The Port of Los Angeles handled 383,000 metric tons of fruit and vegetables in 2022 — 175,000 metric tons in imports and 108,000 in exports — said Marcel Van Dijk, cargo marketing manager.

The majority of the imports are citrus, berries, bananas, melons and asparagus, he said. Export commodities are citrus, grapes, carrots and onions.

Perishables arrive from Central America, Chile, Southeast Asia and the Philippines. Export destinations are Japan, Korea, China, Central and South America.

The Port of Los Angeles and Long Beach has six major cold storage facilities with 116,500 pallet positions 3 miles to 8 miles from the port to handle perishable cargo.

There are many more cold storage facilities in the Los Angeles area, and perishable cargo is also stored in facilities in the Central Valley, Dijk said.
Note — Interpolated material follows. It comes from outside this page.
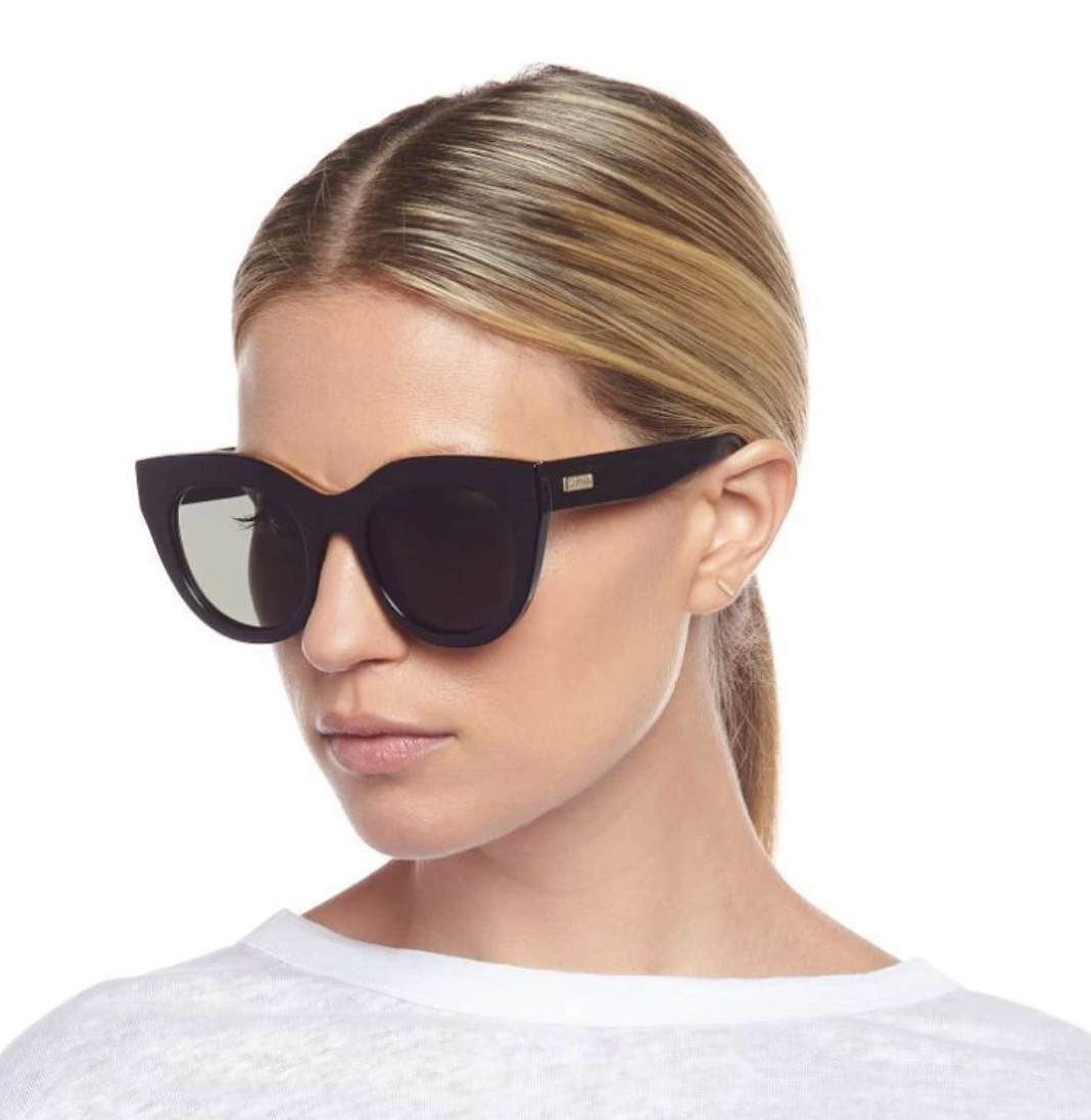 A favourite of Meghan Markle and Olivia Palermo, the Air Heart silhouette is an iconic Le Specs style. With proportions reminiscent of a cat eye, the style is designed in thick black and luxurious metal top bar inlay, then fitted with premium zero base khaki flat lenses. The perfect sunglass to suit all face shapes.

The Port of Los Angeles has a dedicated fruit terminal for palletized cargo from reefer vessels.

The stevedore, Stevedoring Services of America, is in the process of changing over liquefied natural gas forklifts to 100% electric forklifts, he said. This should create a fully sustainable terminal, without any internal combustion engines in any of the yard equipment, by 2025.

Northwest

The Northwest Seaport Alliance, which includes the ports of Seattle and Tacoma, Wash., is the largest gateway port complex in the U.S. for containerized seaborne exports of apples, said Steve Balaski, business development director for the alliance.

“Agriculture in general is a major part of the volume that goes through our terminals,” he said.

Washington is a major producer of apples, blueberries, cherries and grapes, he said. One-third of the state’s apples are exported via ship to places like India and Asia.

The alliance recently received a Port Infrastructure Development Program grant of more than $50 million to help expand a Tacoma terminal and add capacity to handle refrigerated containers.

“We support the development of temperature-controlled cold-storage facilities,” Balaski said. “We’re seeing a very strong demand for cold-storage capacity.”

The ports play an important role in agriculture transportation, he said.

“The ocean transportation industry with refrigeration and ports is what allows our Washington state producers to reach global markets,” Balaski said. “Exports are really where the growth is.”